Cloudera CDH5 HDFS Connector for Data Prep¶
User Persona: Data Prep Admin, Data Source Admin, or IT/DevOps
Availability information
This Connector is not available to Data Prep SaaS customers.
Note
This document covers all configuration fields available during connector setup. Some fields may have already been filled out by your Administrator at an earlier step of configuration and may not be visible to you. For more information on Data Prep's connector framework, see Data Prep Connector setup. Also, your Admin may have named this connector something else in the list of Data Sources.
Configure Data Prep¶
This connector allows you to connect to Cloudera CDH 5.16 Hadoop File System (HDFS) for import and export. The following fields are used to define the connection parameters.
Note
Configuring this Connector requires file system access on the Data Prep Server and a core-site.xml
with the Hadoop cluster configuration. Please reach out to your Customer Success representative for assistance with this step.
General¶
- Name: Name of the data source as it will appear to users in the UI.
- Description: Description of the data source as it will appear to users in the UI.
Tip
You can connect Data Prep to multiple HDFS clusters. Using a descriptive name can be a big help to users in identifying the appropriate data source.

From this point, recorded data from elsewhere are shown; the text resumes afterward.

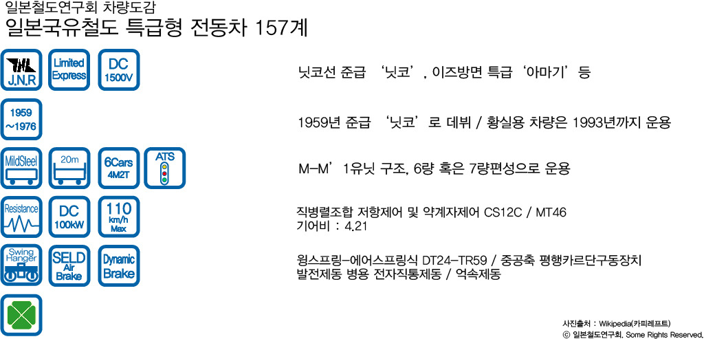 157계는 시작이 준급열차였지만 사실상 특급형으로 분류하고 있다. 운용 성격, 실내 수준 등은 특급형으로 운용되었기 때문이다. 기본적 성능은 먼저 등장한 급행형 전동차인 153계를 바탕으로 하고 있으며 1:1의 MT비가 아니라 2:1정도의 MT비로 운용되었다. 당시부터 특급형 도색과 동일한 크림+레드 도색을 하고 통유리창에 1등실은 리클라이닝 시트, 2등석은 전환식 크로스시트를 채용해 전형적인 특급열차의 성격을 띄고 있다. 국제적 관광지인 닛코를 연결하는 만큼 외국인을 위한 서양식 화장실 등 여러가지 편의시설을 갖추고 있었다. 다만 형식상으론 급행형이고 단거리 준급열차에 운용하려 했기 때문에 식당차가 없으며 대신 간단한 식사를 할 수 있는 매점을 갖추고 있었으며 에어컨을 갖추고 있지는 않았다(다만 냉방용 덕트는 갖추고 있었으며 1963년 냉방 개조되었다)
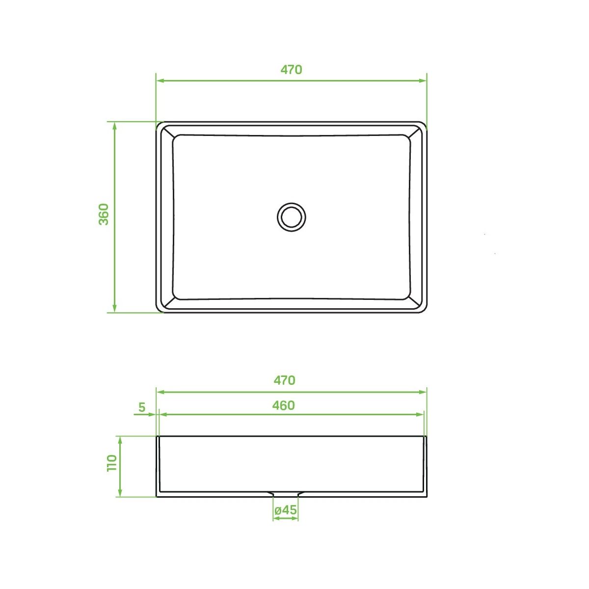 Kvadrato Waschbecken für Aufsatzmontage 47 x 36 cm
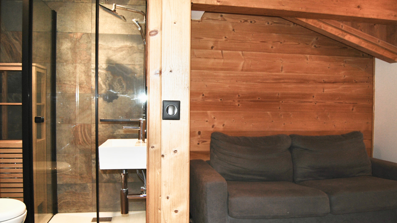 The apartment features three bedrooms, two with en-suite bathrooms equipped with a shower, washbasin, and WC. The third bedroom shares an additional separate bathroom (3rd bathroom) with a shower, washbasin, and WC with the walk-through 'Coin de Montagne' equipped with a double sofa bed and a private TV. All of the bathrooms have towel warmers & the whole apartment has underfloor heating with individual thermostats.
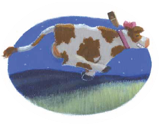 It’s time to get your kids “moo-ving!” All you need is a copy of this book and some hoops. (Real rain puddles would be best, but…well, they’re wet.) Begin by making sure that all of your little ones are familiar with the nursery rhyme “Hey Diddle Diddle.” For fun you can check out the many versions of the rhyme/song on YouTube. Here are two I liked. The first has the words and a pleasant version of the tune. The second video is from vintage Sesame Street.

Simple Configuration (only for Simple authentication)¶
- Username: The application web server will connect to your HDFS cluster as the username you provide here.
Configuration¶
- Data Store Root Directory: The ’parent directory’ on your cluster where the Connector will read from and write to for import and export operations. This also supports import and export for sub-directories of the root.
Kerberos Configuration¶
The following parameters are required for Kerberos authentication.
- Principal: Kerberos Principal.
- Realm: Kerberos Realm.
- KDC Hostname: Kerberos Key Distribution Center Hostname.
- Kerberos Configuration File: Fully-qualified path of Kerberos configuration file on webserver.
- Keytab File: Fully-qualified path of Kerberos Keytab File on webserver.
- Use Application User: Check this box to read/write as the logged-in application user, or uncheck to use proxy user.
-
Proxy User: The proxy used to authenticate with the cluster. Enter ${user.name} as the proxy user. ${user.name} works similar to selecting Use Application User but allows for more flexibility. For example:
-
To add a domain to the user’s credentials, enter
\domain_name\${user.name}
in the Proxy User field. Data Prep will pass the username and the domain. -
Example:
\Accounts\${user.name}
results in AccountsJoe (assuming Joe is the username). -
To apply a text modifier to the username, add .modifier to the key
${user.name}
. The acceptable modifiers are: toLower, toUpper, toLowerCase, toUpperCase, and trim. -
For example
${user.name.toLowerCase}
converts Joe into joe (assuming Joe is the username).
Data Import Information¶
Via Browsing¶
Supported
Via SQL Query¶
Not supported